* **Activity**
Find the string "offrant" in the records. Copy each line that has it.

* **Records for the exercise**
Content starts

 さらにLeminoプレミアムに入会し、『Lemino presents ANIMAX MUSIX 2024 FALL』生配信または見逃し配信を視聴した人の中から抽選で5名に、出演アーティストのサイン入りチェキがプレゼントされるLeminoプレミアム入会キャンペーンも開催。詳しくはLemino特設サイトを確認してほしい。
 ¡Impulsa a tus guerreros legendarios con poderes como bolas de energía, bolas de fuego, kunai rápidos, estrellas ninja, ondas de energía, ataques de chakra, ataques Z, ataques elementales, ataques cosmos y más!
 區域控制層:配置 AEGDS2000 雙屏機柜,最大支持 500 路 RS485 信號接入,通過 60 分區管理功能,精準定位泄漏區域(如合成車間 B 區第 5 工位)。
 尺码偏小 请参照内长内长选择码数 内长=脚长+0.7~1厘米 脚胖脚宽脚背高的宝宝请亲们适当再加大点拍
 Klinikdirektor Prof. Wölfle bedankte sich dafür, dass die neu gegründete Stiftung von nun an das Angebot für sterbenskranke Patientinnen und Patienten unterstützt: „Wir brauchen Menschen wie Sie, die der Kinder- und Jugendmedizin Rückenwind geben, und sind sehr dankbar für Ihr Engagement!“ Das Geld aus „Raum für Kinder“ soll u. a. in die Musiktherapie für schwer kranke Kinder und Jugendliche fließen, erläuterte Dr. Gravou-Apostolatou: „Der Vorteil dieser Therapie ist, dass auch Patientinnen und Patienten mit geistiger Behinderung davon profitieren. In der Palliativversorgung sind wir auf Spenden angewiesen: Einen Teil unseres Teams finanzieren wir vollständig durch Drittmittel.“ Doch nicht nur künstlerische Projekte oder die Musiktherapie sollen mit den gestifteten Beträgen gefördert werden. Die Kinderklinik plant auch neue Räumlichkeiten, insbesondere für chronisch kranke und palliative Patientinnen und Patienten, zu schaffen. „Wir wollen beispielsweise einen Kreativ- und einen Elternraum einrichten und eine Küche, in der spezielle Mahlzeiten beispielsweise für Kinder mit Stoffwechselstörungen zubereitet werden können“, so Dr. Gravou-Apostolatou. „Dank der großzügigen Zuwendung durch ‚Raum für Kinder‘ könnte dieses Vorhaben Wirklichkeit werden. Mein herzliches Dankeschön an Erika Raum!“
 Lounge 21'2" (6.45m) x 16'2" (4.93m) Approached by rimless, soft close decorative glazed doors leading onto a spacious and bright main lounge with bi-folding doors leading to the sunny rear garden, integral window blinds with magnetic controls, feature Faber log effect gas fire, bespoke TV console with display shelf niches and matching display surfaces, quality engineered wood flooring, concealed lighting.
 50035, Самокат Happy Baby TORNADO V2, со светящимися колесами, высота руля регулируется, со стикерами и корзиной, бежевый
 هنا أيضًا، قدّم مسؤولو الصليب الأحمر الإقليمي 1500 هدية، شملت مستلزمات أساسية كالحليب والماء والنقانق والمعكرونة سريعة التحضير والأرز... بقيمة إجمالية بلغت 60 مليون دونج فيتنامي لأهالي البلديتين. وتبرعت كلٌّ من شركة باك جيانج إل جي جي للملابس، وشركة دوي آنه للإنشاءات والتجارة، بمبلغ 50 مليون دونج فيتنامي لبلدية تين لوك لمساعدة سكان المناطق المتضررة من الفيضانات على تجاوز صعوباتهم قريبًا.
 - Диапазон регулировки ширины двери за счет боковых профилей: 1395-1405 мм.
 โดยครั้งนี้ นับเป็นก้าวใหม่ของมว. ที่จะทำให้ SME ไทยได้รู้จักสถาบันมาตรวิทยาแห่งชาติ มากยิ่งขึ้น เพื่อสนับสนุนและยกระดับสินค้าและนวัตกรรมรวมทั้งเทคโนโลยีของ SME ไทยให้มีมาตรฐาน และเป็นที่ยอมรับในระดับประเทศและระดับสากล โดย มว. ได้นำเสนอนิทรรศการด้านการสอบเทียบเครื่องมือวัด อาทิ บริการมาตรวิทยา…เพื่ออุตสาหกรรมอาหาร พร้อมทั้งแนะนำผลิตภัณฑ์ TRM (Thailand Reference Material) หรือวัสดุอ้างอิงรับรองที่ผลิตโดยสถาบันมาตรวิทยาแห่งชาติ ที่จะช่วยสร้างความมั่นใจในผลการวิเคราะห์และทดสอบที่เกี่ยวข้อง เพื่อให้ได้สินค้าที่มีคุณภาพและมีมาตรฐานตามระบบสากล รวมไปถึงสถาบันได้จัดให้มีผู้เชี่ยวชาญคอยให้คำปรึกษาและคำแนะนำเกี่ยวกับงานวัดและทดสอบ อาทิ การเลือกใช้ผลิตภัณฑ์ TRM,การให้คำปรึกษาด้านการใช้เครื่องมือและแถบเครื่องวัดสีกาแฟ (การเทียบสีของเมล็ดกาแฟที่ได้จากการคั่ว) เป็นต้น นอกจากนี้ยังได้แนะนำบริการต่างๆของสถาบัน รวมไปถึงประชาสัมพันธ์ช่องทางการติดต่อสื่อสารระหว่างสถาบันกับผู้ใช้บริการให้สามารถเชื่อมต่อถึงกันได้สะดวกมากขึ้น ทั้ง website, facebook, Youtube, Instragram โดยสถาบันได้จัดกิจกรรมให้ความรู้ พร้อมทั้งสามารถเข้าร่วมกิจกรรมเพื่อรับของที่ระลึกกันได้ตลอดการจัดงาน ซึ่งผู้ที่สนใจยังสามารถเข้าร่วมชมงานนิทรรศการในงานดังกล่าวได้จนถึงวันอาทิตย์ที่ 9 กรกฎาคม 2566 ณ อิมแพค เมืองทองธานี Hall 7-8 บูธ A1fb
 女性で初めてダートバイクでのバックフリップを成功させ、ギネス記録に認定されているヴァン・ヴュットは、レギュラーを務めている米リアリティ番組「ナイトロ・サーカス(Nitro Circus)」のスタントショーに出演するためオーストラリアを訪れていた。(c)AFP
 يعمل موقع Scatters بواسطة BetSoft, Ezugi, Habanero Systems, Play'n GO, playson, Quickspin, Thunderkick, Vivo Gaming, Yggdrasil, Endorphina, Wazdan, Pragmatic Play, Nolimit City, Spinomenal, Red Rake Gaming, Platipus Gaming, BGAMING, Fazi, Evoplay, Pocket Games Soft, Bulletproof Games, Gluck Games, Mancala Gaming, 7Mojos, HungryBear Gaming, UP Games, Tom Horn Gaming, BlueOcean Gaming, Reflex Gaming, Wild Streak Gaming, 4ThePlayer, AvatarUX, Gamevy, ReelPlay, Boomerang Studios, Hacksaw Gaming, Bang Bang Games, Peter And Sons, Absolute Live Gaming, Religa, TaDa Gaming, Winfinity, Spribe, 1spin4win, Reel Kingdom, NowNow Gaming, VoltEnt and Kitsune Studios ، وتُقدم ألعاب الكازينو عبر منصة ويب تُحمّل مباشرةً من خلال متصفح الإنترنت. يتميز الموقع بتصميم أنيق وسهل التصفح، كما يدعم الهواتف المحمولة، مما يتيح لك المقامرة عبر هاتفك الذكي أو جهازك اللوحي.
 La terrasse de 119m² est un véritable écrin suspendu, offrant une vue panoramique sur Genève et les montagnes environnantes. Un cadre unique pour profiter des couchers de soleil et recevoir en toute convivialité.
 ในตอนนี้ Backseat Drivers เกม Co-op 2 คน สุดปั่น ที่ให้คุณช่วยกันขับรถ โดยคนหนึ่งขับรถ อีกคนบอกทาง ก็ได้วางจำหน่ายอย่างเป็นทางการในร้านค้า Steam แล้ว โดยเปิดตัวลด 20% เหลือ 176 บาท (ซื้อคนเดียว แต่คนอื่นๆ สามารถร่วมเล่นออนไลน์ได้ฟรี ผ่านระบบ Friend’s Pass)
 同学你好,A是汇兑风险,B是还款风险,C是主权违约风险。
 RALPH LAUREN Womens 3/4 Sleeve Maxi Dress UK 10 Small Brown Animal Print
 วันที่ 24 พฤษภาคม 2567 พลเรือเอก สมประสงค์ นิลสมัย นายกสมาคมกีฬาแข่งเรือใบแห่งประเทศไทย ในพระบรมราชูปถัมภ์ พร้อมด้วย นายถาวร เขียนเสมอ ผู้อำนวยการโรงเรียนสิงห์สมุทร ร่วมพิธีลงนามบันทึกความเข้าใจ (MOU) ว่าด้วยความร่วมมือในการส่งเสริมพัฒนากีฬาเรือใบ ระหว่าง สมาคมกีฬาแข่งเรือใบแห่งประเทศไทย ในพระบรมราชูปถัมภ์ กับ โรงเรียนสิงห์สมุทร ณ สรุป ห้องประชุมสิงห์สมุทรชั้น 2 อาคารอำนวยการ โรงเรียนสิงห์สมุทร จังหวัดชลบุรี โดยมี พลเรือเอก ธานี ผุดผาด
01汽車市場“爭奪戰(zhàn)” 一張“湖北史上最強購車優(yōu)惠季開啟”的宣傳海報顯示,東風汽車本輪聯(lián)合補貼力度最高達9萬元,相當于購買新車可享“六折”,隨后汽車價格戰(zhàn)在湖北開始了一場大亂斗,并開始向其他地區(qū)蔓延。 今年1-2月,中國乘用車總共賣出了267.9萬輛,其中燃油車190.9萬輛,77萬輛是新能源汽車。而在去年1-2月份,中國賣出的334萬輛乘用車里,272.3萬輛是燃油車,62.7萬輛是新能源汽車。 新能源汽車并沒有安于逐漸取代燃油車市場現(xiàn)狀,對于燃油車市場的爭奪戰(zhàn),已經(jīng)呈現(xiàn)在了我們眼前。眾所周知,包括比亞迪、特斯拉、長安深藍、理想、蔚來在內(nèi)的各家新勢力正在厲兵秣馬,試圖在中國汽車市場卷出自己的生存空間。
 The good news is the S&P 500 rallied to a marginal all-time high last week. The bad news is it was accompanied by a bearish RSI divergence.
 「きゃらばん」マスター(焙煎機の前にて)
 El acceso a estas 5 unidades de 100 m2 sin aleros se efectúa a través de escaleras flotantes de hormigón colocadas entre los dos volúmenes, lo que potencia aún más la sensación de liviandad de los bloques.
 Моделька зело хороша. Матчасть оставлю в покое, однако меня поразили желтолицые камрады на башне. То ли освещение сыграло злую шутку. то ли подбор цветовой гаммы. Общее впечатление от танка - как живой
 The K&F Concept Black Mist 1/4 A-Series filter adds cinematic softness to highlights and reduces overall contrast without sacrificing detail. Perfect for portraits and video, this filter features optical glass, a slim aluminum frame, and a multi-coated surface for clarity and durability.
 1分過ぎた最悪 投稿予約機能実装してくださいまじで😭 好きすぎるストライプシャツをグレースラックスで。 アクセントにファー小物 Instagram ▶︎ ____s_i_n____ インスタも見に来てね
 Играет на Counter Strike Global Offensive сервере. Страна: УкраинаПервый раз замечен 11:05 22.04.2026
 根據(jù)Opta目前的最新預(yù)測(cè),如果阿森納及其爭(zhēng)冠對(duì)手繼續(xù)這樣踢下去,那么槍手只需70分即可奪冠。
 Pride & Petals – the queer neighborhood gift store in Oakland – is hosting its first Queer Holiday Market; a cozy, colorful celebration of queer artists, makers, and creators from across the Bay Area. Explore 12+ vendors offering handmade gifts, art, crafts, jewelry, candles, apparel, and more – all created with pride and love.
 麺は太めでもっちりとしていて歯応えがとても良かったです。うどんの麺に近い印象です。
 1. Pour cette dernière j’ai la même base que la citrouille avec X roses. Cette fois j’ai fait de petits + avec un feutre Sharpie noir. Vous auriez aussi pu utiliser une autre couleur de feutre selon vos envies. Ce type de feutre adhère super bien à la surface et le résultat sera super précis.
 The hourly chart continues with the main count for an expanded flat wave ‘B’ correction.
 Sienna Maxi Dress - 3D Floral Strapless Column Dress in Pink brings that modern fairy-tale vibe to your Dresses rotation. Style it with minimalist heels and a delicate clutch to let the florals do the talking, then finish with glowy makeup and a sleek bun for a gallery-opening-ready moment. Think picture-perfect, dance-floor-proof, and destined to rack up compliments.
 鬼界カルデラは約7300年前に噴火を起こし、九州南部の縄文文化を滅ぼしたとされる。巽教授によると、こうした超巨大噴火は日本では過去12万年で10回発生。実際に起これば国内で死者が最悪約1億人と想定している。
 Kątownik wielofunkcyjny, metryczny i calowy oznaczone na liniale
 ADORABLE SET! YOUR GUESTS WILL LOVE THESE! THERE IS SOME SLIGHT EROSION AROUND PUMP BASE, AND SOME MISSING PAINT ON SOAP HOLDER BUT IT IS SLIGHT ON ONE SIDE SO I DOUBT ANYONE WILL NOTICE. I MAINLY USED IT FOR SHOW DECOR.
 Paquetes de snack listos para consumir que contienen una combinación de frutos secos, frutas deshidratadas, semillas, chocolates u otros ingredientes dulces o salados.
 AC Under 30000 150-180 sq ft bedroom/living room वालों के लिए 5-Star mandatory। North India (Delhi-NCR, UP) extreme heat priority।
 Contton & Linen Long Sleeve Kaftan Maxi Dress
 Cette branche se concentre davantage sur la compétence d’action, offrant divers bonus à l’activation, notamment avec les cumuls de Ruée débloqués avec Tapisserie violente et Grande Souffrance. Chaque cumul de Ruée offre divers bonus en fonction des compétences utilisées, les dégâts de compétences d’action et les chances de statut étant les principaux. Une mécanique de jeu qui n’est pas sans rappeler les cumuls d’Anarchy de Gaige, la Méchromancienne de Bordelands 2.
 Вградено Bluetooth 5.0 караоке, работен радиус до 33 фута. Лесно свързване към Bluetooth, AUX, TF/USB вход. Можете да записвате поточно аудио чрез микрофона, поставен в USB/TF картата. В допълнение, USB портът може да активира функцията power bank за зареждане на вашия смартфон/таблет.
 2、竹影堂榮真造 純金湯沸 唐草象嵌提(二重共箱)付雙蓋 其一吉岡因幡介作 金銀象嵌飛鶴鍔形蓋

Content ends

* **Task output**
 La terrasse de 119m² est un véritable écrin suspendu, offrant une vue panoramique sur Genève et les montagnes environnantes. Un cadre unique pour profiter des couchers de soleil et recevoir en toute convivialité.
 Cette branche se concentre davantage sur la compétence d’action, offrant divers bonus à l’activation, notamment avec les cumuls de Ruée débloqués avec Tapisserie violente et Grande Souffrance. Chaque cumul de Ruée offre divers bonus en fonction des compétences utilisées, les dégâts de compétences d’action et les chances de statut étant les principaux. Une mécanique de jeu qui n’est pas sans rappeler les cumuls d’Anarchy de Gaige, la Méchromancienne de Bordelands 2.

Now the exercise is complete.